▶ [Dataset excerpts]:
○ ○ ○
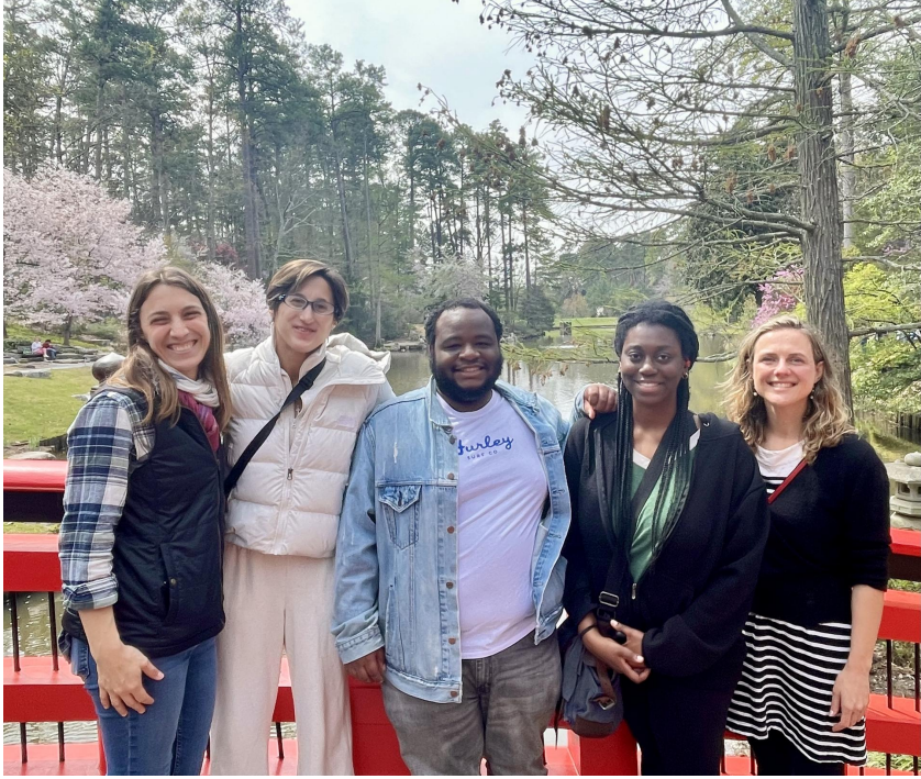
Cherry tree blossoms at Duke Gardens!
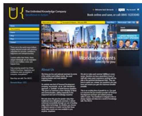
Screen shots from theukco.com
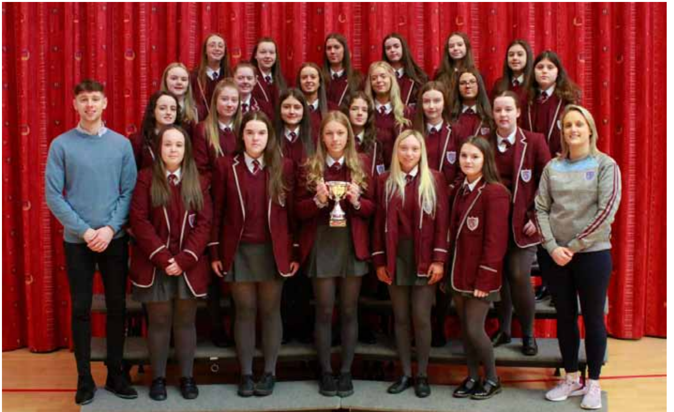
U16 Ulster Ladies Schools Foyle Cup Winners 2021-2022
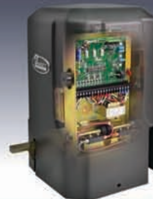
RAM 100 Residential Commercial
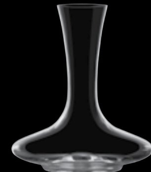
Carafe 75 150 cl 50 3/4 oz H 260 mm 10" D 228 mm 8 3/4" No. 5979 7500
○ ○ ○
▶ [Aim of the exercise]:
After locating the line with "U16 Ulster Ladies", transcribe it and the rest of the data above exactly as written, without any picture.

▶ [Exercise output]:
U16 Ulster Ladies Schools Foyle Cup Winners 2021-2022
RAM 100 Residential Commercial
Carafe 75 150 cl 50 3/4 oz H 260 mm 10" D 228 mm 8 3/4" No. 5979 7500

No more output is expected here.